В храме было сумрачно, тихо и уютно. Потрескивали свечи, горели лампадки, редкие посетители ходили бесшумно, говорили шёпотом, как охранители сна дорогого человека; красивая женщина в чёрном платке, со скорбными влажными глазами, что-то шептала на ухо молодому батюшке, священник с белым печальным лицом внимательно её слушал.

Оглядываясь по сторонам, проникаясь умиротворённой атмосферой храма, и непроизвольно расслабляясь и успокаиваясь, Калинцев купил несколько свечей. Он поставил три свечи там, где горели поминальные свечи и не смог уйти; стоял здесь долго, закрыв глаза, светлая печаль объяла его, придя к нему с образами матери и отца, бабушки, деда и тестя.

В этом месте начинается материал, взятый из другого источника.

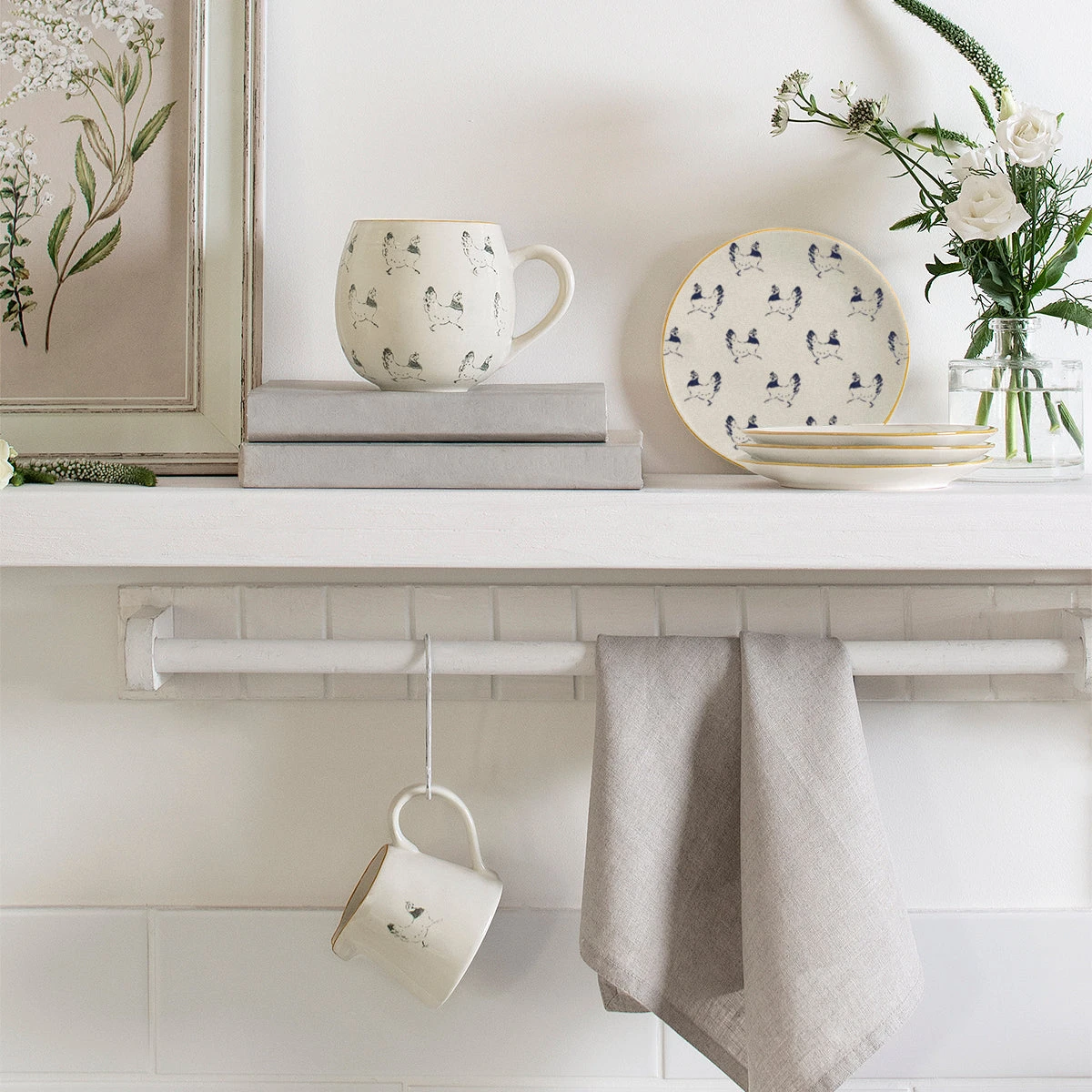 Covered in Sophie’s country chickens this lovely side plate is made from stoneware and has an ochre coloured rim. Measuring 15cm diameter, this lovely plate makes a wonderful small canape plate or side plate for any stylish table setting.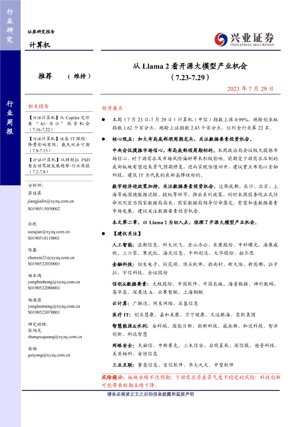 【兴业证券】【20230729】从 Llama 2看开源大模型产业机会 (7.23-7.29)-21页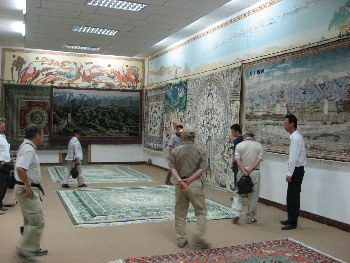 絨毯工場の見学。折り目の粗さはなんとも言いがたいが、柄は中国風?

Когда он открыл повлажневшие глаза, его свечи, потрескивая, догорали. Он тихо прошёлся по храму, нашёл икону Николая Чудотворца, подождал, когда отойдёт женщина, целующая край иконы, поставил свечу, долго смотрел в строгий и мудрый лик святителя и неожиданно для себя стал горячо просить. Он просил святого не о деньгах, не о жилье, не о благополучии – просил о здравии Алёши, Людмилы, Анны Никифоровны, и дочери. Просил о сохранении семьи, о мире и взаимопонимании в ней. Слова его были корявы, он не знал молитв, но они были искренни, шли от сердца, вытекая из него горячей волной.

С Апраксиного двора, купив всё, что хотел, он возвращался домой в сумерках, когда уже включили уличное освещение. В своём дворе он опять встретил Потапыча в спецовке и с разводным ключом в руке. Они с ним закурили. Состоялся довольно странный разговор, который он списал на состояние Потапыча.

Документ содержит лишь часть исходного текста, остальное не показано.